Si les pre­mières séries s’intéressaient à la sur­face illu­soire du corps féminin et à la fas­ci­na­tion visuelle qu’il pro­cure, elles étaient déjà chargées, comme déjà évo­qué, d’une cer­taine ten­sion, d’un sen­ti­ment de men­ace. Dans Cen­ter­folds et Pink Robes & Col­or Stud­ies, le resser­re­ment sur le corps dénudé, out­re un sen­ti­ment d’intimité accru avec les fig­ures pho­tographiées, pointe plus explicite­ment l’origine du trou­ble ou de l’angoisse, étroite­ment asso­ciés à l’hypersexualisation et à la vul­néra­bil­ité.
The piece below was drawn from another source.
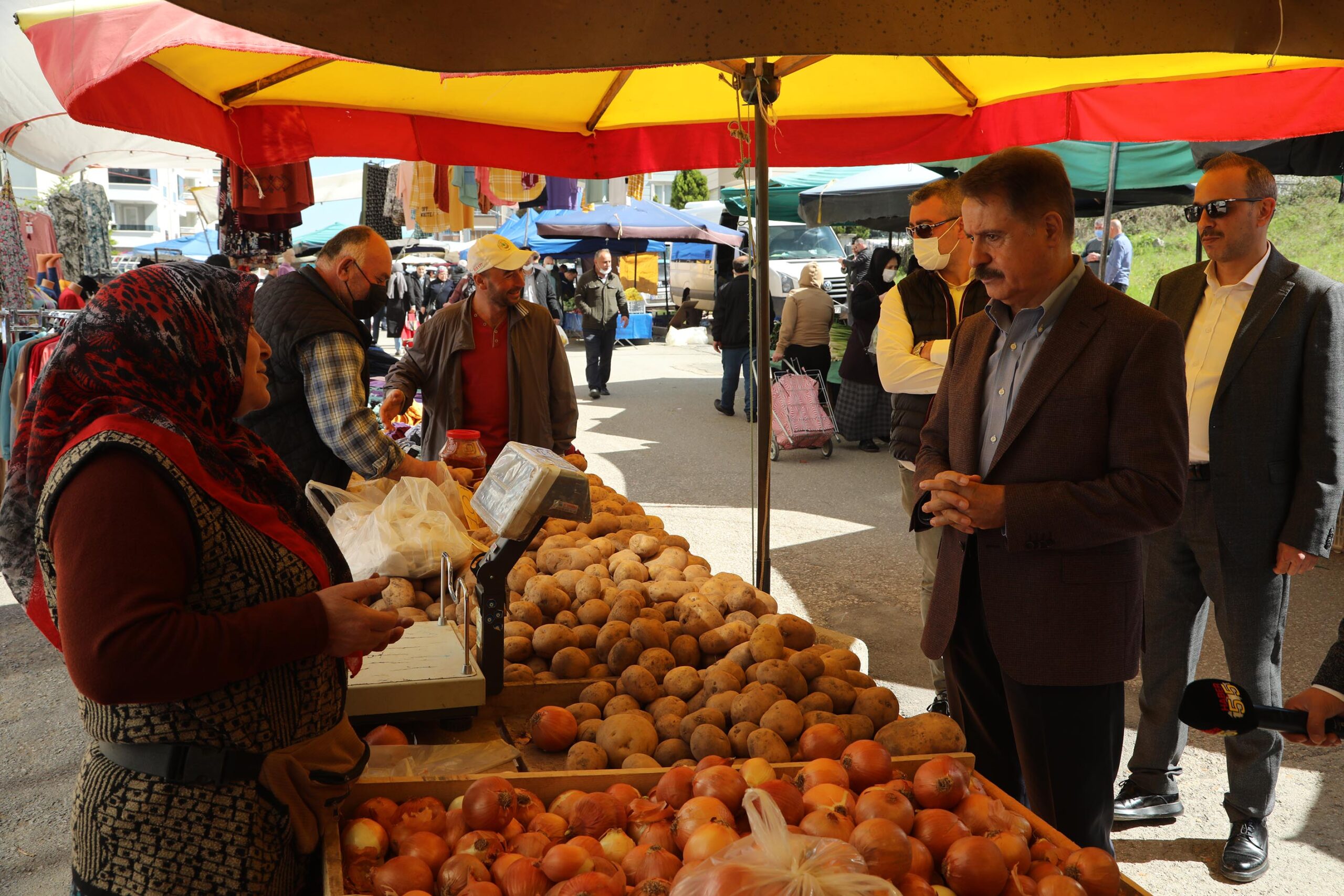 Satanın da alanın da pahalı bulduğu bir pazar olduğunu belirten Atakum Belediye Başkanı Av. Cemil Deveci, “Türkiye’de ilk kez böyle bir şey oluyor. Ürünlerin girdilerinin içinde akaryakıt, işçi emeği , gübre var. Bunlar hep dışarıdan ithal ediliyor. İthal olunca Türk parasının değeri düştü, dövizle ithal ediliyor. Doğal olarak Türk parasıyla değerlendirince fiyatlar yükseliyor. Biz kendi ürettiğimiz değerlerin bir kısmını özelleştirdik. Kendi elimizden çıkardık, sübvanse de edemiyoruz yeteri kadar. Tarım ülkesi olmamıza rağmen hem alıcının hem de satıcının huzursuz ve şikayetçi olduğu bir dönem. Alıcının da satıcının da derdi hayat pahalılığı. Alıcı ‘Ucuz alamıyorum, nakliye ücretim pahalı. Arabanın parçası pahalı, ucuza mal edemiyorum. Pazarda üç gün içerisinde satamazsam çürüğe ayırmam lazım, aldığım sattığım malın yerine yenisini koyamıyorum, benim de çocuklarım var, mutfağımda ben de çorba kaynatacağım, mutlu değilim çünkü tüketici tezgahımdan ürün alırken cebindeki parayı kuruş kuruş sayarak alıyor, huzursuz oluyorum’ diyor. Yani herkesin mutlu olmadığı, huzursuz olduğu bir dönemden geçiyoruz ne yazık ki. El birliği ile buradan çıkmak lazım. Türkiye bu tip badireler atlattı ve çıktı. Her sözü olanın sözünü dinlemek lazım. ‘Ben bilirim’ dememek lazım. ‘Bu ülkeye ben de sevdalıyım, benim de katkım olsun ben de şöyle düşünüyorum’ diyenlerin görüşünü almak lazım. Kol kola girmek lazım.” ifadelerini kullandı.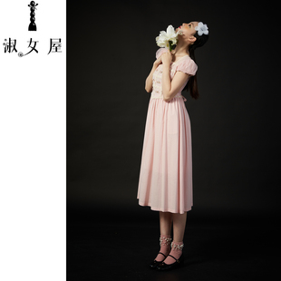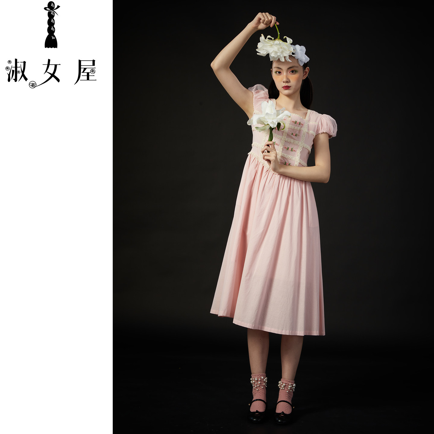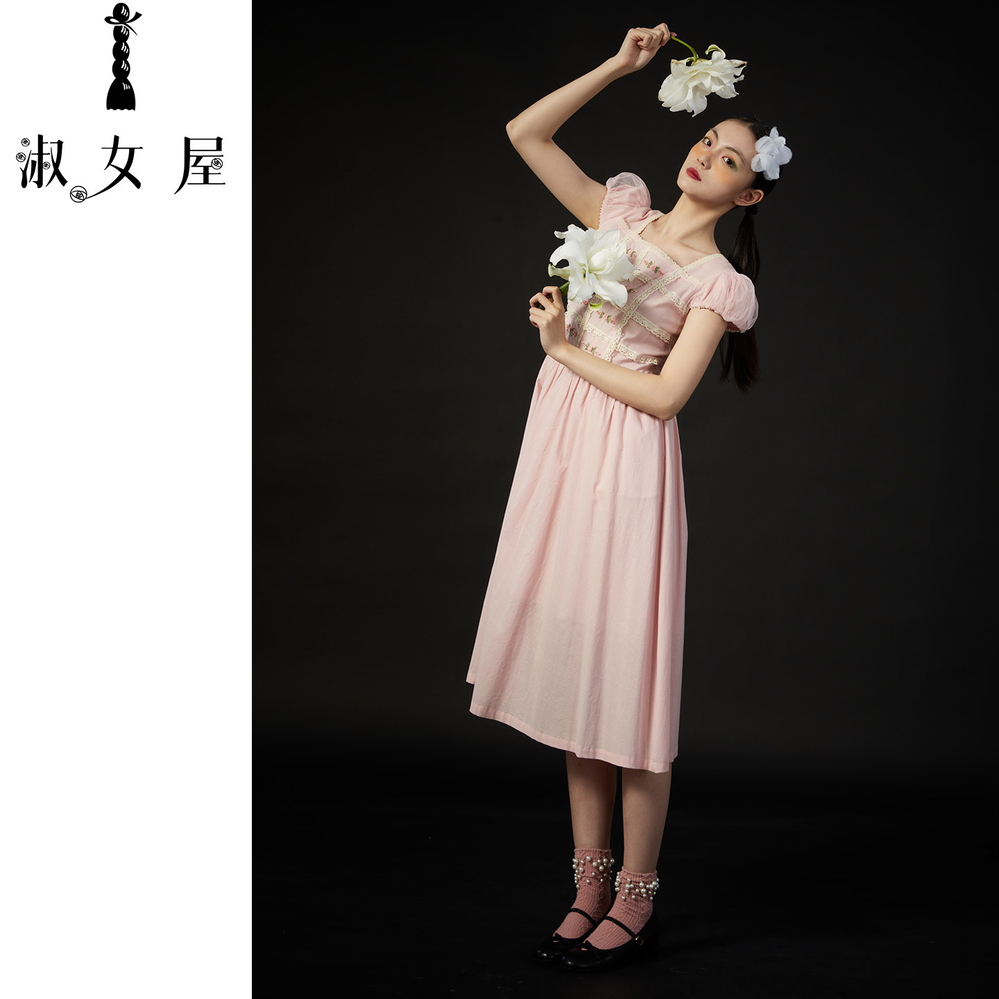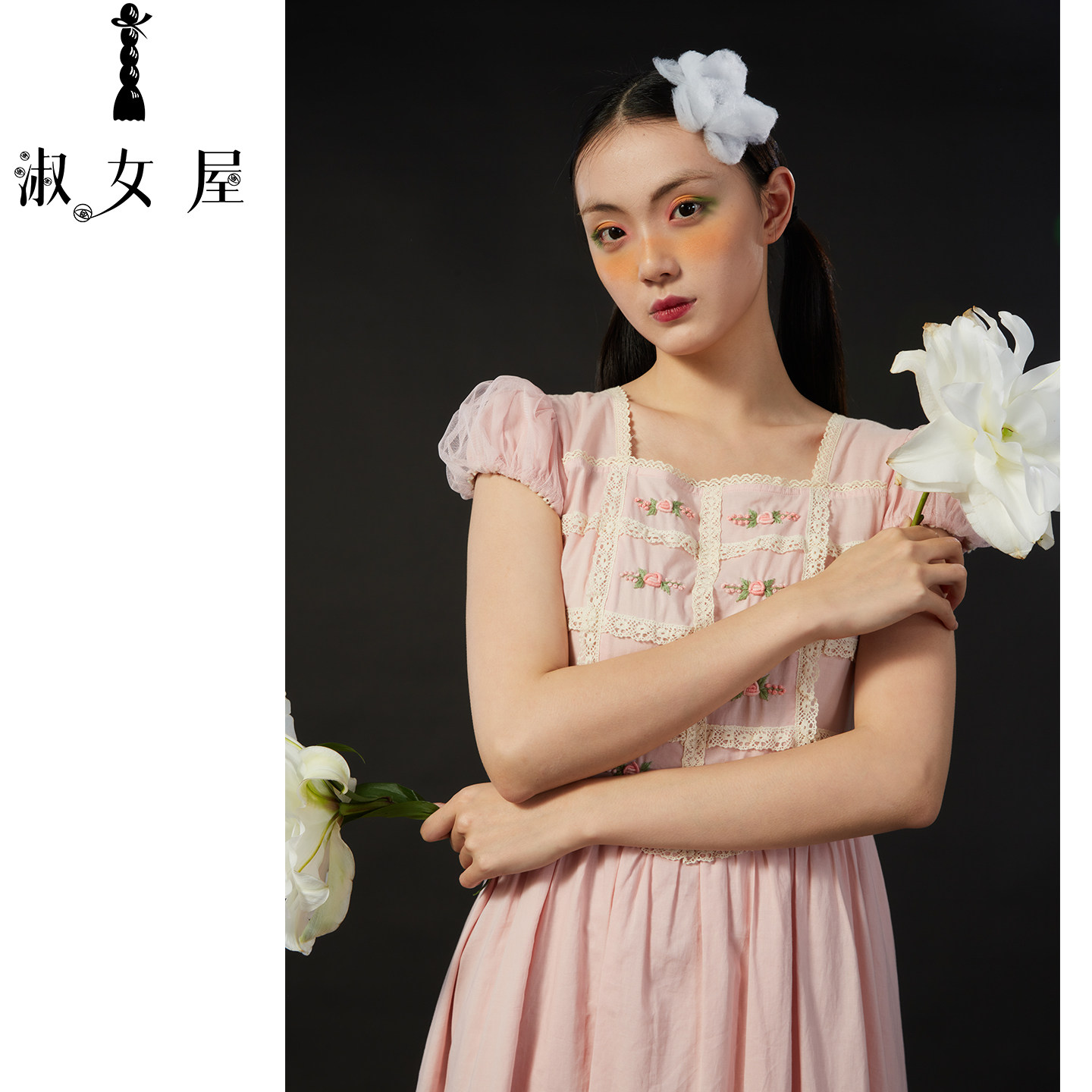 复古荷叶边连衣裙 粉色甜美立领刺绣蛋糕裙法式 艾丽丝2025秋季 新款

L’attitude des mod­èles et la com­po­si­tion sug­gèrent deux atti­tudes face à cette men­ace : la fragilité rêveuse (Cen­ter­folds : for­mat hor­i­zon­tal, fig­ures allongées au regard per­du dans le vague), ou la défi­ance (Pink Robes : for­mat ver­ti­cal, pos­ture droite, regard caméra). Les séries suiv­antes pour­suiv­ent cette explo­ration du corps sous un jour résol­u­ment provo­ca­teur, cher­chant d’abord à point­er ses défauts et ses failles, avant de le déréalis­er puis de pénétr­er ses entrailles. Les mod­èles de Fash­ion (1983, 1984 puis 1993, 1994, 2008)[ref]Cet inti­t­ulé ne désigne pas une série à pro­pre­ment par­ler mais un ensem­ble de com­man­des isolées faites à Sher­man par des mar­ques (Dianne B., Harper’s Bazaar, Comme des garçons, Balenciaga).[/ref], sont pho­tographiées sous des angles peu flat­teurs. Les corps sont dif­formes, les pos­es dis­gra­cieuses, les vis­ages affublés de cica­tri­ces ou badi­geon­nés de plâtrées de fond de teint, quand ils ne sont pas dis­simulés par une chevelure hir­sute. Dans la série suiv­ante, Fairy Tales, elles devi­en­nent, par le truche­ment de pro­thès­es en sil­i­cone, lit­térale­ment des mon­stres, hybrides affublées de groins de porc (Unti­tled #140), géantes à la langue pen­dante dom­i­nant une foule lil­lipu­ti­enne (Unti­tled #150), et sont peu à peu ravalés par la nature comme le cadavre dévoré par la mousse de Unti­tled #153.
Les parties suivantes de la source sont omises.